## Action item
Your answer must be the data repeated exactly, with no pictures in it.

[[ Exercise data open ]]

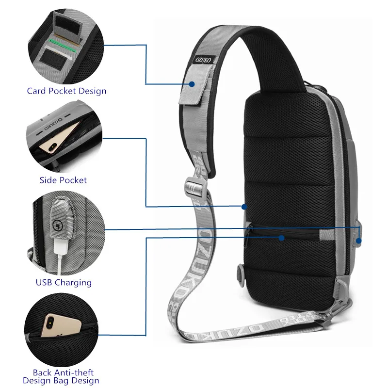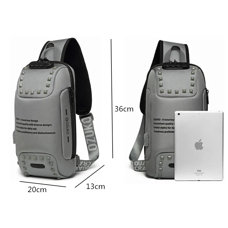 Item Name1OZUKO Waterproof Chest Bag Anti Theft Lock Design
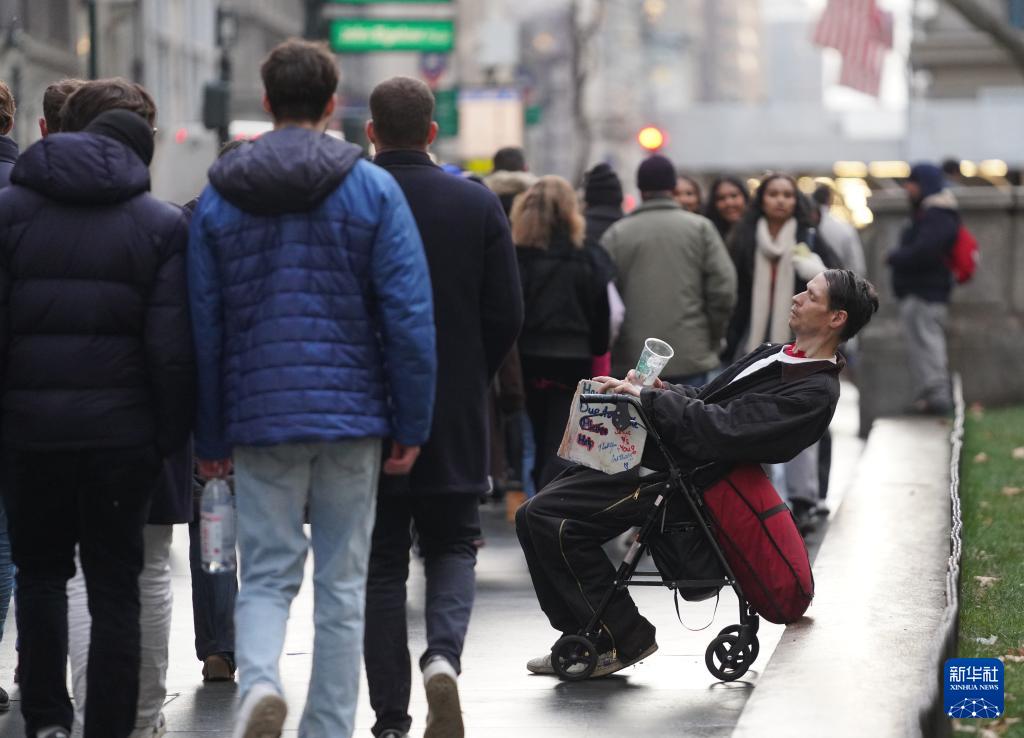 时值岁末,在美国纽约充满节日气氛的街头,时常可见无家可归者和其他寻求救助的人们。
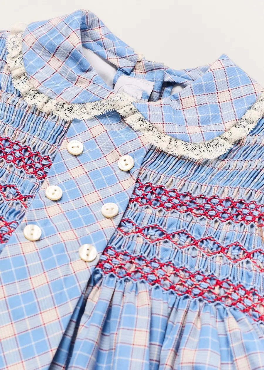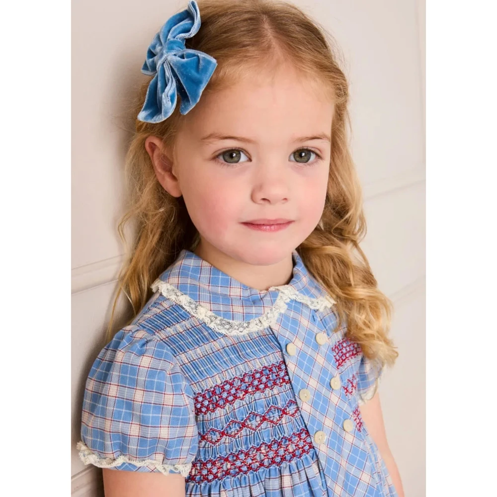 Customized OEM and ODM Elegant White Blue White Plaid Pattern Peter Pan Collar Short Puff Sleeves Girls Dress Outfit

[[ Exercise data closed ]]

## Solution for this problem
 Item Name1OZUKO Waterproof Chest Bag Anti Theft Lock Design
 时值岁末,在美国纽约充满节日气氛的街头,时常可见无家可归者和其他寻求救助的人们。
 Customized OEM and ODM Elegant White Blue White Plaid Pattern Peter Pan Collar Short Puff Sleeves Girls Dress Outfit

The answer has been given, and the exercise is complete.